I try to work every day and I write, design, sew, and read. I print or paint fabrics when I am experimenting with techniques or when working on a specific quilt, but not every day.

What are your biggest sources of inspiration?

Inspiration comes from the world around me. I love the rolling prairies of the Midwest-the hills and fields, the barns and silos, the cows always grazing. I love the sweeping curves of freeways merging through cities. I love color charts in paint stores. I love architecture. I love the language of old hymns. I often see quilts in nature and especially in man's connection with nature such as a railroad track winding through fields and woods.


art quilt inspiration; art quilt

What is your design process like?

While I collect drawings, photographs and ideas, I rarely make a complete scale drawing of my quilt. My designs are often first realized in fabric. One of my award-winning quilts came from seeing a sunflower field in North Dakota. My sketch was three lines on a scrap of paper. I wrote by each "yellow," "dark green," "blue".  Another winning quilt was inspired by a drive through the countryside on a gray foggy winter day. I joked with my husband that you couldn't see where the horizon and the sky met and that I should make a quilt like that -a sheet of white. It became perhaps my finest quilt. I plan quilts on sleepless nights and will begin finding the fabrics, or creating them with dye or paint the following day.  With larger quilts I usually create a small prototype to check the proportion and color before committing large amounts of fabric to a quilt that ends up just not working. 

Your art quilts have a refined, modern feel without too much embellishment. How do you know when a piece is finished?

I compete in quilt shows against traditional quilters, requiring finishing techniques that hold up to the scrutiny of traditional judges. While I don't use traditional designs or patterns, I want my stitch length even, my binding filled, and perfect mitered corners. My threads are buried properly and my invisible stitches should be invisible. Without patterns, creating a piece is intuitive. I work over the entire surface of the quilt to ensure that the quilting is balanced and that the quilt lies flat. I want any embellishments to enhance the design, never dominate it. I want the design itself to communicate something without trying to be realistic or photographic. Because I work over the whole surface in stages, I am able to pause and stand back, sometimes photographing the quilt in order to step away from it. This process helps me judge whether the quilt is finished. Sometimes it is finished way before I expect it to be!


quilting arts; art quilt

"Little Dotty Trees"


Any tips you'd like to share for art quilters looking to expand their skills and expand their surface design knowledge?

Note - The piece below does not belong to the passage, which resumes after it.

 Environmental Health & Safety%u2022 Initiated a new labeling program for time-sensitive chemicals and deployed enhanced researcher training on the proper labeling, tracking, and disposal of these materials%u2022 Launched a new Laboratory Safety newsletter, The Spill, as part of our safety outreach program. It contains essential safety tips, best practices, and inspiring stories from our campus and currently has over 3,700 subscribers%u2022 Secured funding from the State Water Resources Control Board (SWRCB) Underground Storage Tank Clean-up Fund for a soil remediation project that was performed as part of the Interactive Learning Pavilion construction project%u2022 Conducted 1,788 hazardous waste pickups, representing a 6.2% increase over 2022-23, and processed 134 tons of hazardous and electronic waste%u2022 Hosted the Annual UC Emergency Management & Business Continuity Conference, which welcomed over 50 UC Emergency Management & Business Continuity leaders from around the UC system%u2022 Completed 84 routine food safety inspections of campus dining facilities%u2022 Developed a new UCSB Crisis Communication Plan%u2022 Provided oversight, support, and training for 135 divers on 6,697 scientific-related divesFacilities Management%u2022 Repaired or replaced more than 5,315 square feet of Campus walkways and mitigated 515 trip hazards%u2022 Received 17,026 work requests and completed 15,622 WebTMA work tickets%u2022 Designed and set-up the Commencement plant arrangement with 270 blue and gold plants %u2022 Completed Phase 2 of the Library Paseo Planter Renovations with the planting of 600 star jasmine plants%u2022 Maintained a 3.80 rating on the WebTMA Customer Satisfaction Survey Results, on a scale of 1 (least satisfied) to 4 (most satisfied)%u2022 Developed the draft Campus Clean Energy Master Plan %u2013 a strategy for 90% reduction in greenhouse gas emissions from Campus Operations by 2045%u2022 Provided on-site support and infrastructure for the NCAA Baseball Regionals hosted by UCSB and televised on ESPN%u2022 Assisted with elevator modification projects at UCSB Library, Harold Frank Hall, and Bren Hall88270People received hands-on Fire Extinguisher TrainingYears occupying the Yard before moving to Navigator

Play. Explore. Cut lots of pieces of plain muslin about 12" x 12". Try a different surface treatment on each and write on the fabric what you did. Spend lots of time in craft, art, and hardware stores looking at things to print with, to create patterns with, and to color with. Constantly ask yourself "Would this work with fabric?"  "What could I do with this?" Read about techniques that are tried and true but also about those that are new. Play a lot. 

But I would also add to use good workmanship in your quilts. An art quilt can also be an award-winner in a quilt show.